Restate each entry exactly, without pictures.

Stored data entries:
━━━
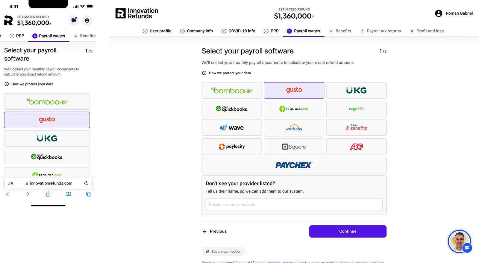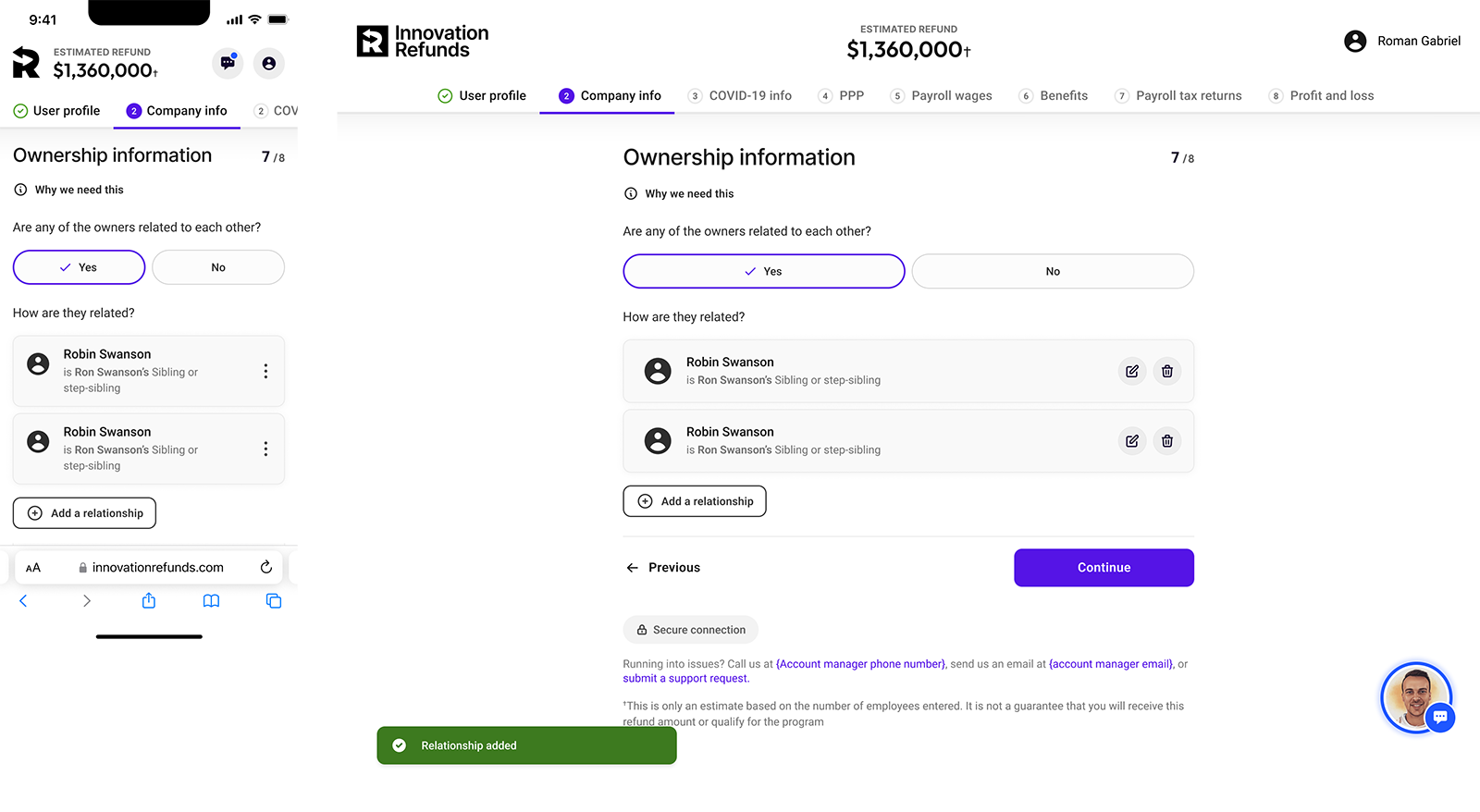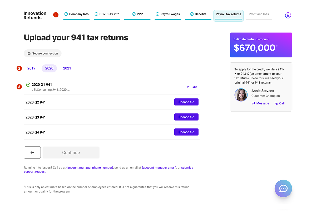 Innovation Refunds is a financial services company that provides access to specialized government funding to Small and Midsize Businesses (SMBs). The platform simplifies tax credit applications, making it easier to access financial incentives. The UI/UX Refresh project was aimed at streamlining the user experience and improve accessibility, addressing navigation issues and unclear instructions.
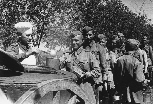 В это тяжелое время вся страна работала на фронт. На передовую направлялась основная масса имевшегося в наличии продовольствия. В армию также отбыли десятки тысяч поваров, для которых фронт стал настоящей кулинарной лабораторией. Они старались на славу, делая рацион бойцов по возможности богаче и питательнее. Многие ветераны войны признавались, что такой вкусной каши, как на войне, они не ели больше никогда.
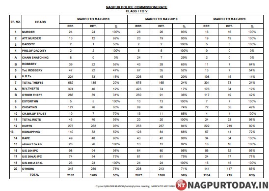 नागपुर पुलिस के प्रेस नोट के अनुसार 2020 में मर्डर, मर्डर की कोशिश,डकैती,चैन स्नैचिंग,रॉबरी,खंडनी,धोखाधड़ी, अपहरण,रेप के कुल मामले 1134 में से 715 मामलों में डिटेक्शन किया गया है. जो पिछले दो सालों से बेहतर है.
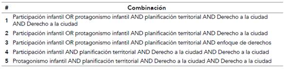 A partir del método facetar, derivar y combinar (Codina, 2020), se utilizan para la búsqueda las palabras clave: participación infantil, protagonismo infantil, planificación territorial, derecho a la ciudad y enfoque de derechos. Para realizar las combinaciones respectivas se utilizan operadores booleanos (tabla 1).
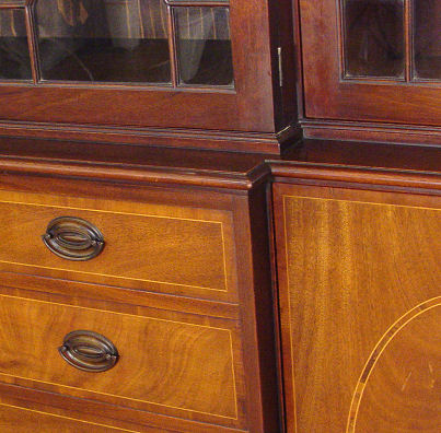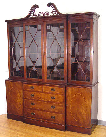 1948 RCA ''THE BERKSHIRE'' BREAKFRONT PROJECTION TV CABINET: Developed by RCA, made by Baker, it housed AM, FM, phonograph, and a projection television. The electronics have been removed from this cabinet and a faux drawer front replaces them....... Hazeltine Corporation Mahogany cabinet made for an RCA Victor Festival Series #1026, Model Berkshire Range entertainment center. Provenance indicates that this cabinet once belonged to Joseph Roessler, a prominent Cincinnati businessman in the 40's, is 1 of only 1000 ever made. Consignor Provenance states: ''This item was purchased around 1947-1948 from the Hazeltine Corporation, and was originally used as an entertainment center, having had a 25'' projection television, a 78RPM record player, and a high band radio. It was a RCA Victor Series #1026, Festival Series, Model Berkshire Range. I spoke with a curator of RCA history, located I believe in Princeton (and I think associated with the University), and he told me that this was the ''top,top, top of the line'',
━━━
◆ Solved exercise
 Innovation Refunds is a financial services company that provides access to specialized government funding to Small and Midsize Businesses (SMBs). The platform simplifies tax credit applications, making it easier to access financial incentives. The UI/UX Refresh project was aimed at streamlining the user experience and improve accessibility, addressing navigation issues and unclear instructions.
 В это тяжелое время вся страна работала на фронт. На передовую направлялась основная масса имевшегося в наличии продовольствия. В армию также отбыли десятки тысяч поваров, для которых фронт стал настоящей кулинарной лабораторией. Они старались на славу, делая рацион бойцов по возможности богаче и питательнее. Многие ветераны войны признавались, что такой вкусной каши, как на войне, они не ели больше никогда.
 नागपुर पुलिस के प्रेस नोट के अनुसार 2020 में मर्डर, मर्डर की कोशिश,डकैती,चैन स्नैचिंग,रॉबरी,खंडनी,धोखाधड़ी, अपहरण,रेप के कुल मामले 1134 में से 715 मामलों में डिटेक्शन किया गया है. जो पिछले दो सालों से बेहतर है.
 A partir del método facetar, derivar y combinar (Codina, 2020), se utilizan para la búsqueda las palabras clave: participación infantil, protagonismo infantil, planificación territorial, derecho a la ciudad y enfoque de derechos. Para realizar las combinaciones respectivas se utilizan operadores booleanos (tabla 1).
 1948 RCA ''THE BERKSHIRE'' BREAKFRONT PROJECTION TV CABINET: Developed by RCA, made by Baker, it housed AM, FM, phonograph, and a projection television. The electronics have been removed from this cabinet and a faux drawer front replaces them....... Hazeltine Corporation Mahogany cabinet made for an RCA Victor Festival Series #1026, Model Berkshire Range entertainment center. Provenance indicates that this cabinet once belonged to Joseph Roessler, a prominent Cincinnati businessman in the 40's, is 1 of only 1000 ever made. Consignor Provenance states: ''This item was purchased around 1947-1948 from the Hazeltine Corporation, and was originally used as an entertainment center, having had a 25'' projection television, a 78RPM record player, and a high band radio. It was a RCA Victor Series #1026, Festival Series, Model Berkshire Range. I spoke with a curator of RCA history, located I believe in Princeton (and I think associated with the University), and he told me that this was the ''top,top, top of the line'',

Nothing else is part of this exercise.